Performance regression on training resnet152 with CIFAR10 on CPU

roywei commented 5 years ago

Follow up on dev list discussion:

https://lists.apache.org/thread.html/154ef1e4010671e7375c7a7cbedb413d5a4a3677321488440fb32a3a@%3Cdev.mxnet.apache.org%3E

We have found resnet152 to have a regression when training CIFAR10 dataset on CPU (C5x18Large)

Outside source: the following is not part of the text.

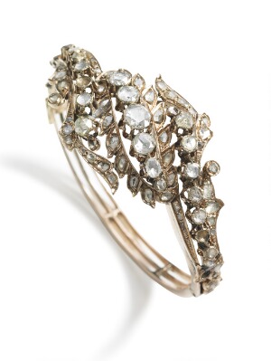 A Russian diamond bangle set with numerous rose-cut diamonds, mounted in 8k gold.

To summarize the findings:

Scripts/Model: https://github.com/awslabs/deeplearning-benchmark/blob/master/dawnbench/cifar10.py Total 20 epochs. First 10 epochs for warm-up

With MXNet 1.4.1 average time is 164.23 s With MXNet 1.5.0 average time is 174.59 s (~6.3% regression) (1.5.0 version: pip install mxnet-mkl==1.5.0b20190619 which corresponds to commit# ccbbf6b4b76ea536a6583c99497c83b65a20817b which is behind 1.5.x branch by 4 commits)

If total 50 epochs, first 10 epoch warm up and run with fixed seed: 1.4.1: 164.95 s 1.5.0: 170.44 s Detailed data at [1] This is about 3% regression (1.5.0 version: 1.5.0rc2 release candidate build from source with MKLDNN )

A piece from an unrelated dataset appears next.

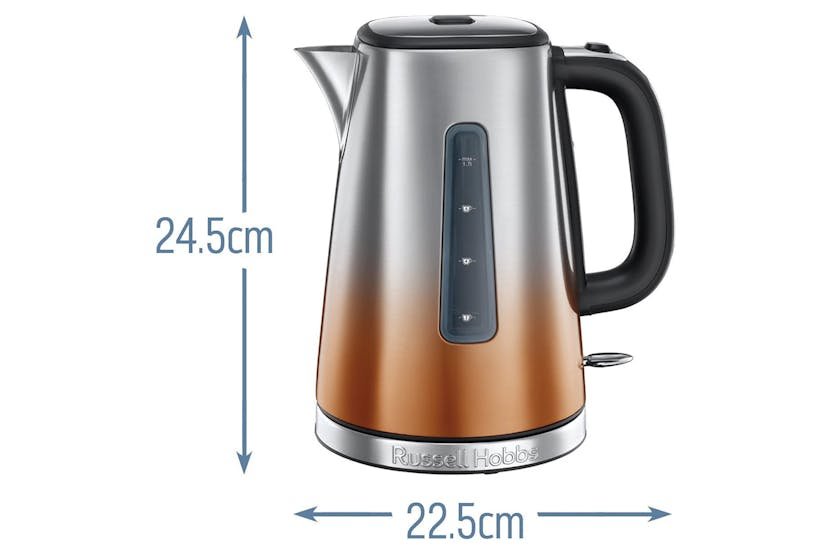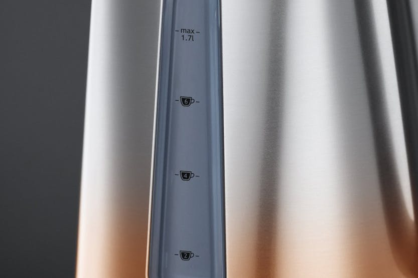 Introducing the Russell Hobbs 1.7L Eclipse Kettle in Copper Sunset. This sleek and stylish kettle not only adds a touch of elegance to your kitchen with its copper ombre effect, but also offers advanced features to enhance your tea or coffee experience. The Quiet Boil Technology ensures a peaceful brewing process, while the Rapid Boil Zone delivers hot water in just 45 seconds, perfect for busy mornings. With convenient features like the easy push button lid, illuminated water windows, and removable filter, the Eclipse Kettle is designed for both functionality and style. Bring the beauty of an eclipse into your home with the Russell Hobbs 1.7L Eclipse Kettle in Copper Sunset. This stunning kettle not only boasts a unique design inspired by the natural phenomenon, but also offers practical features to make your daily tea or coffee routine a breeze. The Quiet Boil Technology ensures a peaceful brewing experience, while the Rapid Boil Zone allows you to enjoy a cup of hot water in just 45 seconds. With a 360° base, cord storage, and easy pour spout, the Eclipse Kettle is both convenient and stylish addition to any kitchen.

Gluon Resnet Model: Gluon speed test benchmark script - https://github.com/apache/incubator-mxnet/blob/master/benchmark/python/gluon/benchmark_gluon.py using the following command: python3 benchmark_gluon.py --model 'resnet152_v2' --batch-size 128 --num-batches 200 --type 'training'

I got the following speeds: With MXNet 1.4.1, average speed is 25.677534 img/s With MXNet 1.5.0, average speed is 25.082130 img/s (~2.3% regression)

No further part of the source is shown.